Although Jones had left Mercury at the end of 1961 for United Artists, his old label continued releasing albums featuring sides by Jones from their archive, some of which dated back to his days recording on the independent Starday label.
As the title suggest, Blue & Lonesome includes songs that Jones built his reputation on: hardcore honky tonk songs with themes of heartache and loss. Although it is a compilation, it is an impressive collection featuring a mixed bag of Jones originals and songs made famous by others, including Marty Robbins, Don Gibson, Lefty Frizzell and Hank Williams. The Jones-penned "Don't Stop The Music" had been a minor hit for the singer in early 1957 while "Life To Go", also written by Jones, was a top five smash for Stonewall Jackson in 1959. Blue & Lonesome also includes the original recording of "Color of the Blues", a song Jones wrote with Lawton Williams that would go on to be recorded by Red Sovine, Skeeter Davis, Loretta Lynn, Elvis Costello and Patty Loveless.

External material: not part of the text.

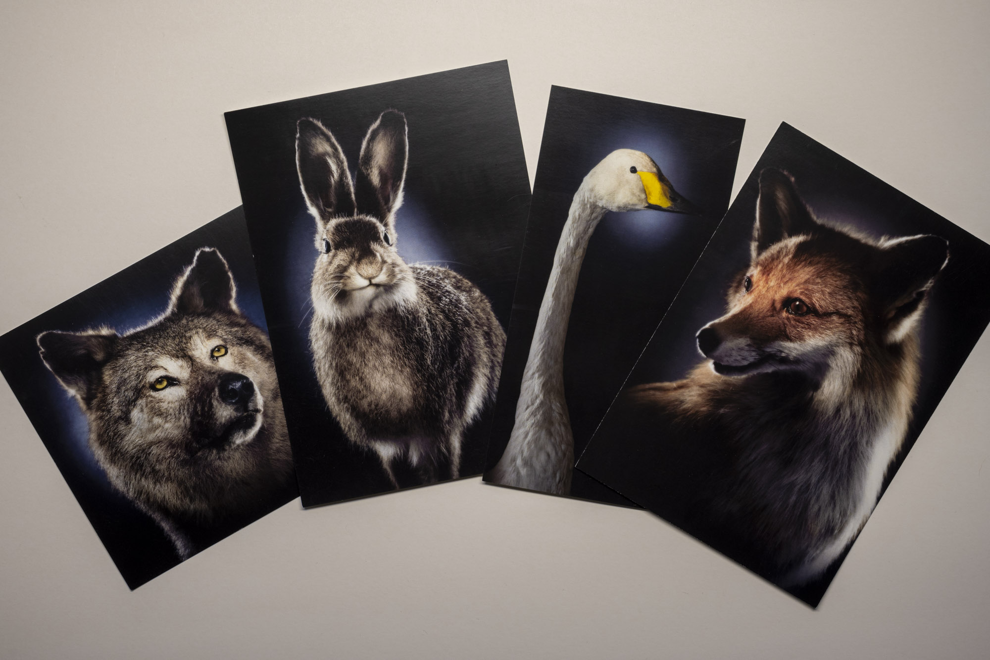4 kpl sarja taidepostikortteja Ilvolan väkeä -sarjan valokuvateoksista, kartonki kettu, jänis, susi ja laulujoutsen koot 14,8 x 21 cm, 10,2 x 21 cm

Blue & Lonesome was reissued by Righteous Records, a reissue imprint marketed and distributed by Great Britain's Cherry Red label with bonus tracks recorded earlier in Jones's career.
Thom Jurek of AllMusic calls Blue & Lonesome "an excellent portrait of Jones' transition. He was well on his way to becoming the great singer of broken love songs and honky tonk ballads from the rockabilly and hillbilly singer of his youth, and these tune prove it."